Correlation is significant at the 0.001 level (two-tailed).

It is clearly seen in table that Pearson correlation coefficients between theoretical yarn diameter (cm) and measured yarn diameter were found to be statistically significant with the value of 0.984 at a significance level of 0.001.

The line diagrams of air permeability of denim fabrics and total porosity are illustrated in Figure 2. Total porosity was calculated from equation (2) using fabric thickness, fabric weight, and fiber density.

Figure 2.

Total porosity of denim fabrics at different levels of filament fineness and yarn linear density (✸:air permeability and I:total porosity).

It is obviously seen in Figure 2 that denim fabrics produced from combed 100% CO ring-spun weft yarns as control group of this study show higher air permeability with respect to core-spun weft yarns in all cases. Combed 100% CO ring-spun yarns have higher twists per inch yarn and lower diameter than core-spun that makes fabrics higher permeable. With decrease in yarn linear density, air permeability decreases. When it is thought to be similar cover factor of fabric by changing weft density in cm, finer yarn samples show lower permeability properties to air.

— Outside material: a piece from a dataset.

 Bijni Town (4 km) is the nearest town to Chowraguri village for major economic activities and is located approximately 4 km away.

When constant fabric cover factor is taken into consideration, the number of weft yarns per unit length of the fabric (constant warp density for all fabrics) will increase when yarns become finer thus passing of air voids between fibers will become difficult and the barrier property of fabric will increase. There are similar results at previous studies in literature.^3,8,12 In earlier studies, it is seen that the increase in filament fineness from conventional to micro has a great influence on air permeability whether weft yarn comprises 100% filament yarns or staple fiber covered filament yarns.^33–35 Air permeability of a fabric determines its resistance to wind penetration in cold weather, and the extent of wind penetration affects the thermal insulation provided by the clothing in cold weather.^36,37 The decrease in air permeability of denim fabrics made of core-spun yarns containing textured filaments in each yarn linear density exhibits the increase in the number of filament in yarn cross-section from 36 filaments to 333 filaments. In this situation, it can be concluded that yarn types with microfilament core part within the fabric structure contribute barrier effect against weather condition, especially for winter use. When denim fabric is considered to be preferred in all seasons, this appears to be an advantageous situation.

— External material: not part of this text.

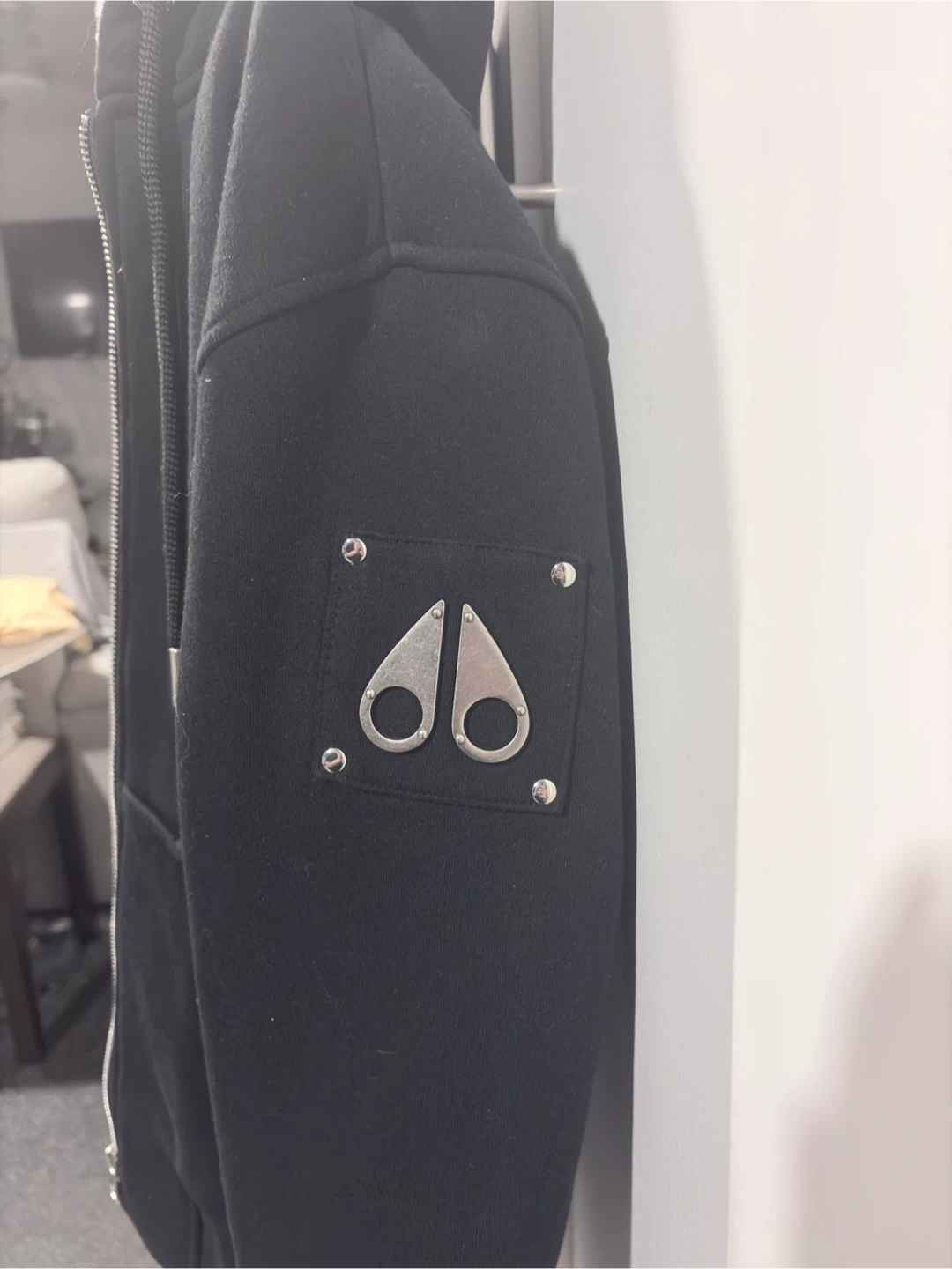 Cozy black Moose Knuckles hoodie with a plush white fur lining. It features the iconic Moose Knuckles logo on the chest and a comfortable zip-up design. This jacket is perfect for staying warm during cooler weather.

Total porosity that is emphasized in literature is a proportion of void space in a porous medium which is commonly calculated using equation (1). This equation includes the inter-fiber porosity as well as the inter-yarn porosity of the fabric.¹ In Figure 2, total porosity illustrated as line diagram was calculated with equation (2) which was derived from equation (1). There is a strong relationship between air permeability and porosity of fabric. Ideally, it is expected that fabric with higher total porosity will show higher air permeability behavior. In addition, higher void space leads to lower volume of yarns. Consequently, in general, calculated total porosity from equation (2) has similar trend, and 100% CO fabrics have the highest total porosity similar to air permeability trend.

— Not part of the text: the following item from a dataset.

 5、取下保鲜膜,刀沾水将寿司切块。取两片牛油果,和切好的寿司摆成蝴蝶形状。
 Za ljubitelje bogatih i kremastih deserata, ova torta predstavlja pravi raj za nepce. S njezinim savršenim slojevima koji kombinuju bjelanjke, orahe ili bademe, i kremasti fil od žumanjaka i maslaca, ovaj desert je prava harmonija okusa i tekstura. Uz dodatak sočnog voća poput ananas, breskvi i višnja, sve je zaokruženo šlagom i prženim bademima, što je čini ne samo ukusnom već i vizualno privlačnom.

In statistical analysis, to determine the effect of subgroups (filament fineness and yarn linear density individually) on air permeability, Duncan’s multiple range test was performed. The results for filament fineness and yarn linear density are summarized using Duncan’s multiple range tests in Tables 4 and 5, respectively.

Table 4.

Duncan’s multiple range test (p = 0.05) for air permeability of denim fabrics versus filament fineness.

Filament fineness (dtex)	Subset
Filament fineness (dtex)	1	2	3	4	5
0.33	129.9063
0.76		134.9975
0.57		135.5963
1.15			146.1500
3.05				153.6250
0 (100% CO)					178.3500
Significance	1.000	0.526	1.000	1.000	1.000

Table 5.

Duncan’s multiple range test (p = 0.05) for air permeability of denim fabrics versus yarn linear density.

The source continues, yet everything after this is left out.